I am reading through the book "Geometry, Topology and Physics" by Prof. Mikio Nakahara, page 285, an example of finding the geodesics of Poincare metric. $$g=\frac{dx \otimes dx + dy \otimes dy}{y^2}$$ The geodesics equations given are: $$x'' - \frac{2}{y}x'y'=0 ......(1)$$ $$y''-\frac{1}{y}(x'^{2} + 3y'^{2}) = 0 ......(2)$$ $x'=\frac{dx}{ds}$.
I managed to obtain equation (1) but I obtain a different equation for equation (2).
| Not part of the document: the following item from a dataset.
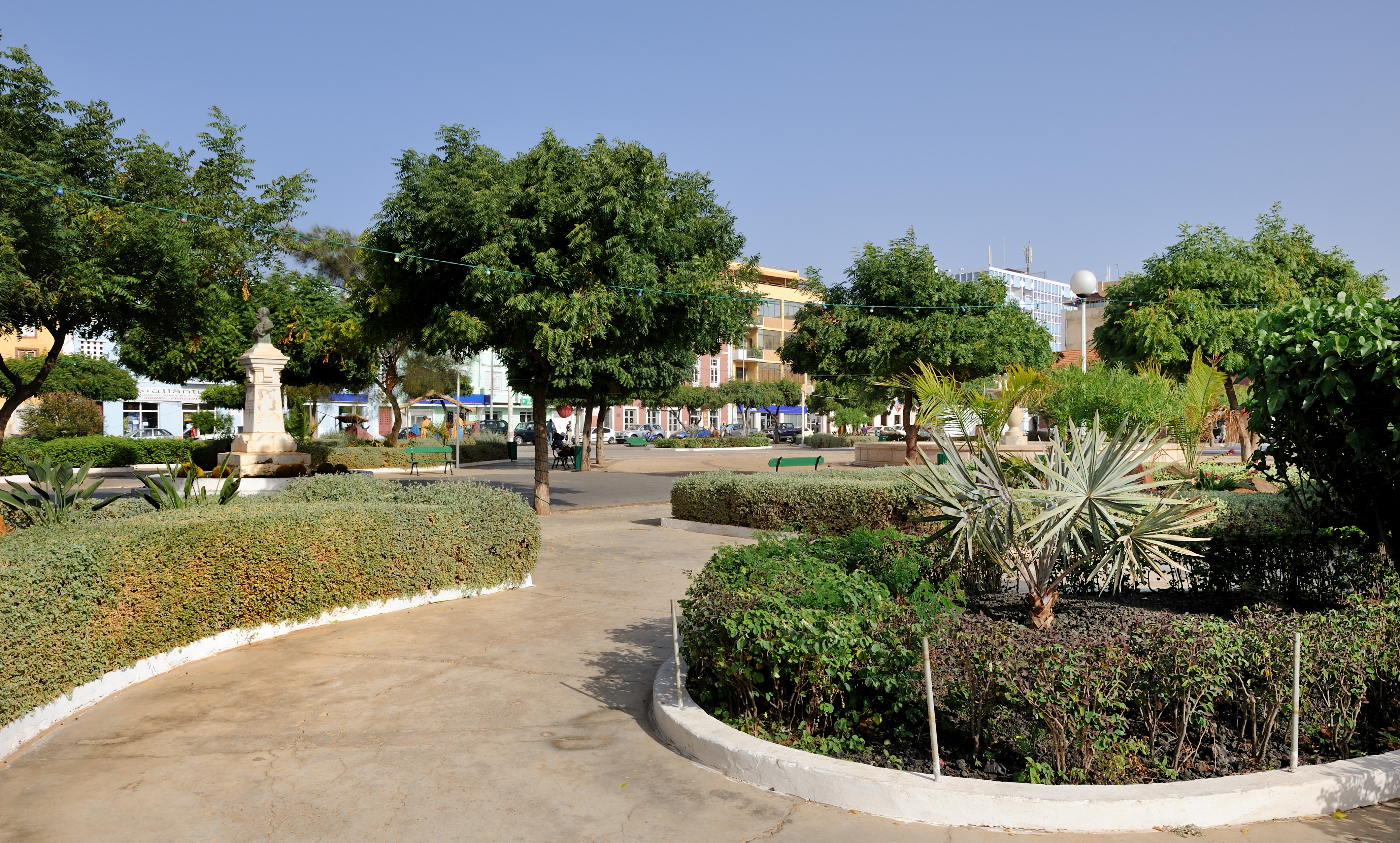 Square Alexandre Albuquerque in Praia, the capital of Cape Verde on the isle of Santiago.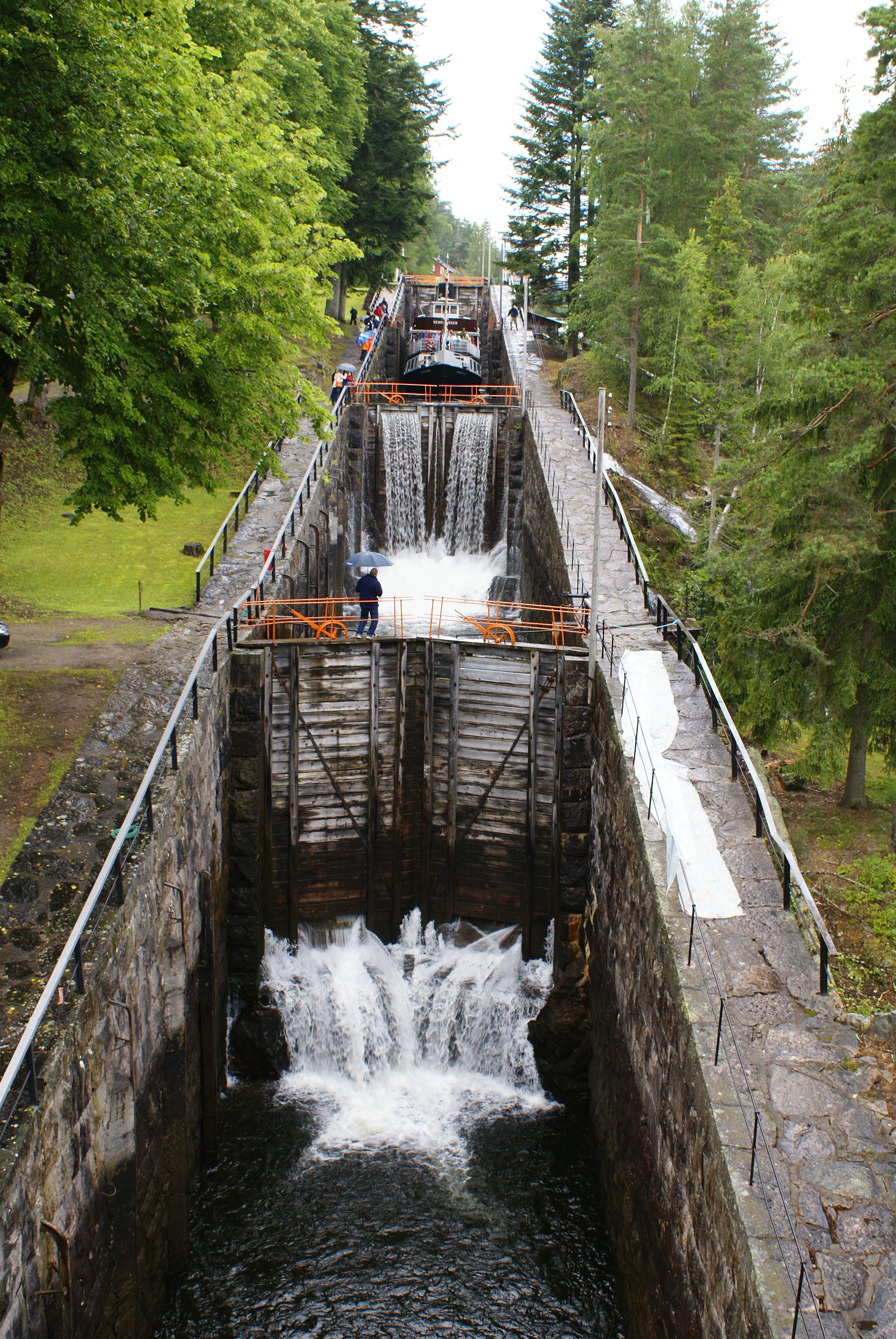 Vrangfoss locks, Telemark Canal, Norway.

I have Christoffel symbols $$ \Gamma^{2}_{11} = \frac{1}{y}$$
$$ \Gamma^{2}_{22}=-\frac{1}{y}$$
$$ \Gamma^{2}_{12}= 0 $$
$$ \Gamma^{2}_{21}= 0 $$
and I obtained instead the following equation(2): $$y''+ \frac{1}{y}x'^{2} - \frac{1}{y}y'^{2}=0$$ May someone help to verify where did I go wrong ? Thank you.
The length of a curve in this surface is $\ell=\int_I\sqrt{\dfrac{x'^2+y'^2}{y^2}}ds$, where $x'=\frac{dx}{ds}$ and $y'=\frac{dy}{ds}$.
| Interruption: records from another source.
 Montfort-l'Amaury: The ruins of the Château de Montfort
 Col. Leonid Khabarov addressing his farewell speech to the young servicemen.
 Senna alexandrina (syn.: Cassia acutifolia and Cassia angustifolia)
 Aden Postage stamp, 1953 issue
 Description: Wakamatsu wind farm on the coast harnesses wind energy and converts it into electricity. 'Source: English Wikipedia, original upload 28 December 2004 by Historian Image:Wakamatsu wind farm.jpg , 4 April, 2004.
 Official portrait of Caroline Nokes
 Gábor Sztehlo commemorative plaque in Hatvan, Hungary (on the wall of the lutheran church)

But, since we are seeking a curve in a surface we can eliminate the $s$ parameter and do the supposition that $x=x(y)$.
Now our functional takes the form $\ell=\int_I\sqrt{\dfrac{x'^2+1}{y^2}}dy$, where $x'=\dfrac{dx}{dy}$.
So the Lagrangian is ${\cal L}=\sqrt{\dfrac{x'^2+1}{y^2}}$ and the Euler-Lagrange equation (which is $\dfrac{\partial{\cal L}}{\partial x}-\dfrac{d}{dy} \dfrac{\partial{\cal L}}{\partial x'}=0$ in general) now is assembled with $$\frac{\partial{\cal L}}{\partial x}=0\quad \mbox{and}\quad \frac{\partial{\cal L}}{\partial x'}=\frac{x'}{y\sqrt{1+x'^2}}.$$ This gives us $\dfrac{d}{dy}\left(\dfrac{x'}{y\sqrt{1+x'^2}}\right)=0$ and implies that $\dfrac{x'}{y\sqrt{1+x'^2}}=K$.
The differential equation is transformed into $x'=\dfrac{Ky}{\sqrt{1-K^2y^2}}$ that has solution $$x=C-\frac{1}{K}\sqrt{1-K^2y^2},$$ where $K,C$ are two integration constants.